4. Concluding remarks

It is demonstrated that an on-line FE model that would replace an original FE model can be derived from process metamorphosis, in a step by step manner. An original process may be metamorphosed into various hypothetical processes.
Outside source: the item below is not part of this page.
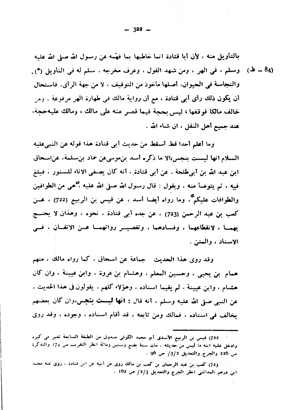 بِالتَّأْوِيلِ مِنْهُ لِأَنَّ أَبَا قَتَادَةَ إِنَّمَا خَاطَبَهَا بِمَا فَهِمَهُ عَنْ رَسُولِ اللَّهِ صَلَّى اللَّهُ عَلَيْهِ وَسَلَّمَ فِي الْهِرِّ وَمَنْ شَهِدَ الْقَوْلَ وَعَرَفَ مَخْرَجَهُ سَلِمَ لَهُ فِي التَّأْوِيلِ (*) وَالنَّجَاسَةُ فِي الْحَيَوَانِ أَصْلُهَا مَأْخُوذٌ مِنَ التَّوْقِيفِ لَا مِنْ جِهَةِ الرَّأْيِ فَاسْتَحَالَ أَنْ يَكُونَ ذَلِكَ رَأْيَ أَبِي قَتَادَةَ مَعَ أَنَّ رِوَايَةَ مَالِكٍ فِي طَهَارَةِ الْهِرِّ مَرْفُوعَةٌ وَمَنْ خَالَفَ مَالِكًا فَوَقَفَهَا لَيْسَ بِحُجَّةٍ فِيمَا قَصَّرَ عَنْهُ عَلَى مَالِكٍ وَمَالِكٌ عَلَيْهِ حُجَّةٌ عِنْدَ جَمِيعِ أَهْلِ النَّقْلِ إِنْ شَاءَ اللَّهُ وَمَا أَعْلَمُ أَحَدًا قَطُّ أَسْقَطَ مِنْ حَدِيثِ أَبِي قَتَادَةَ هَذَا قَوْلَهُ عَنِ النَّبِيِّ عَلَيْهِ السَّلَامُ إِنَّهَا لَيْسَتْ بِنَجَسٍ إِلَّا مَا ذَكَرَهُ أَسَدُ بْنُ مُوسَى عن حماد بن سلمة عن إسحاق ابن عَبْدِ اللَّهِ بْنِ أَبِي طَلْحَةَ عَنْ أَبِي قَتَادَةَ أَنَّهُ كَانَ يُصْغِي الْإِنَاءَ لِلسِّنَّوْرِ فَيَلِغَ فِيهِ ثُمَّ يَتَوَضَّأُ مِنْهُ وَيَقُولُ قَالَ رَسُولُ اللَّهِ صَلَّى اللَّهُ عَلَيْهِ وَسَلَّمَ هِيَ مِنَ الطَّوَّافِينَ وَالطَّوَّافَاتِ عَلَيْكُمْ وَمَا رَوَاهُ أَيْضًا أَسَدٌ عَنْ قَيْسِ بْنِ الرَّبِيعِ عَنْ كَعْبِ بْنِ عَبْدِ الرَّحْمَنِ عَنْ جَدِّهِ أَبِي قَتَادَةَ نَحْوُهُ وَهَذَانِ لَا يُحْتَجُّ بِهِمَا لِانْقِطَاعِهِمَا وَفَسَادِهِمَا وَتَقْصِيرِ رُوَاتِهِمَا عَنِ الْإِتْقَانِ فِي الْإِسْنَادِ وَالْمَتْنِ وَقَدْ رَوَى هَذَا الْحَدِيثَ جَمَاعَةٌ عَنْ إِسْحَاقَ كَمَا رَوَاهُ مَالِكٌ مِنْهُمْ هَمَّامُ بْنُ يَحْيَى وَحُسَيْنُ الْمُعَلِّمُ وَهِشَامُ بْنُ عُرْوَةَ وَابْنُ عُيَيْنَةَ وَإِنْ كَانَ هِشَامٌ وَابْنُ عُيَيْنَةَ لَمْ يُقِيمَا إِسْنَادَهُ وَهَؤُلَاءِ كُلُّهُمْ يَقُولُونَ فِي هَذَا الْحَدِيثِ عَنِ النَّبِيِّ صَلَّى اللَّهُ عَلَيْهِ وَسَلَّمَ أَنَّهُ قَالَ إِنَّهَا لَيْسَتْ بِنَجَسٍ وَإِنْ كَانَ بَعْضُهُمْ يُخَالِفُ فِي إِسْنَادِهِ فَمَالِكٌ وَمَنْ تَابَعَهُ قَدْ أَقَامَ إِسْنَادَهُ وَجَوَّدَهُ وَقَدْ رَوَى

Fig. 13 \({W^2}\)/ 2 , from original FE simulation (■), from on-line FE model (■), \({W^1}\) / 2 (■). Process conditions are case 1 in Table 3, delivery strip crown is, (a) 0 μm, (b) +30 μm, entry strip crown is 0 μm for both (a) and (b)

 

To be capable of finding the best one among them in the light of the prediction accuracy and computational efficiency may depend on the designer’s experience and intuition. It is expected that the technology demonstrated in this paper may find application in diverse fields of science and engineering and serve as a powerful tool leading to next generation on-line models.